What the task requires
Would you return exactly the lines below from the line with "1girl blonde_hair blush" through the line with "Отзывы на Набор", both included, and nothing else, leaving out the pictures?

Provided entries
--------

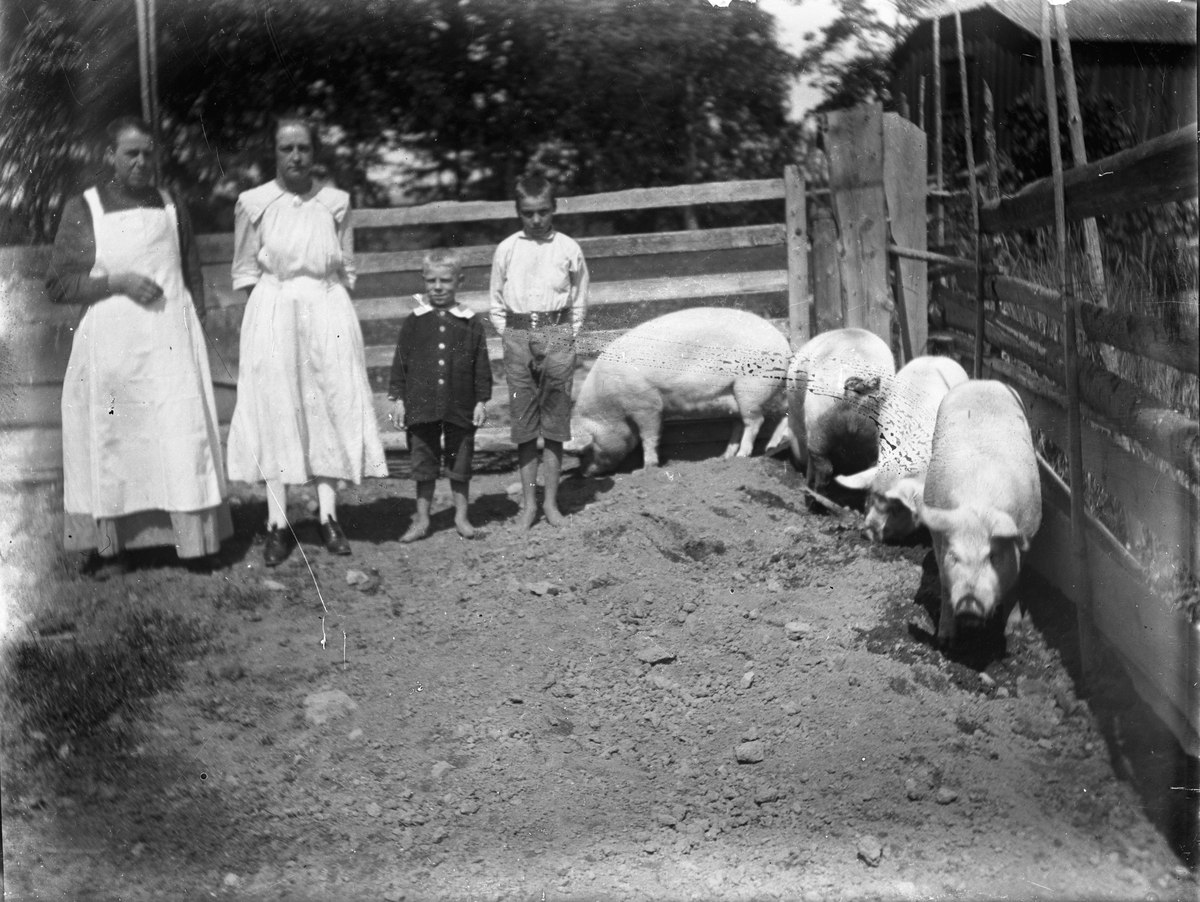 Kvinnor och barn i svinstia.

--------

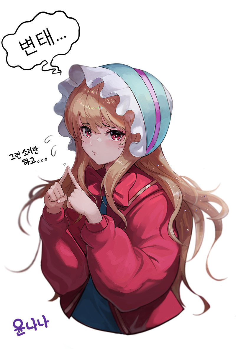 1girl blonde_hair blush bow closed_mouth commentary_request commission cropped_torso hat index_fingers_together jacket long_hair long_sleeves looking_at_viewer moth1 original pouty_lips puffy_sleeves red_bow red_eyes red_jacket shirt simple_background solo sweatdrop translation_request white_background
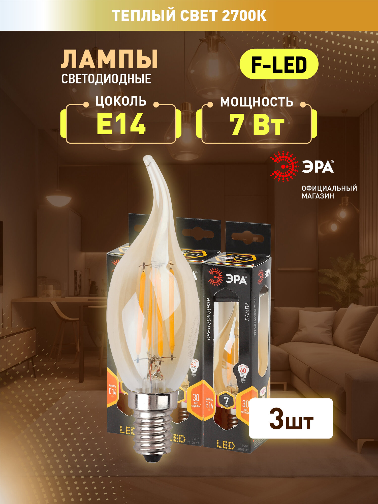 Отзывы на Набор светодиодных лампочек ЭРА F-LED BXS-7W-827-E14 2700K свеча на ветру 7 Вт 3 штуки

--------

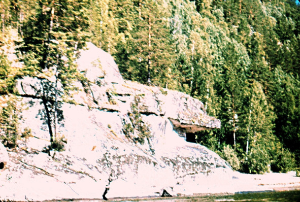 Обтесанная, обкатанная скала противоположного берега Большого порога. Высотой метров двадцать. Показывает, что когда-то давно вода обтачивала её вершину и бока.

--------

Exercise response
 1girl blonde_hair blush bow closed_mouth commentary_request commission cropped_torso hat index_fingers_together jacket long_hair long_sleeves looking_at_viewer moth1 original pouty_lips puffy_sleeves red_bow red_eyes red_jacket shirt simple_background solo sweatdrop translation_request white_background
 Отзывы на Набор светодиодных лампочек ЭРА F-LED BXS-7W-827-E14 2700K свеча на ветру 7 Вт 3 штуки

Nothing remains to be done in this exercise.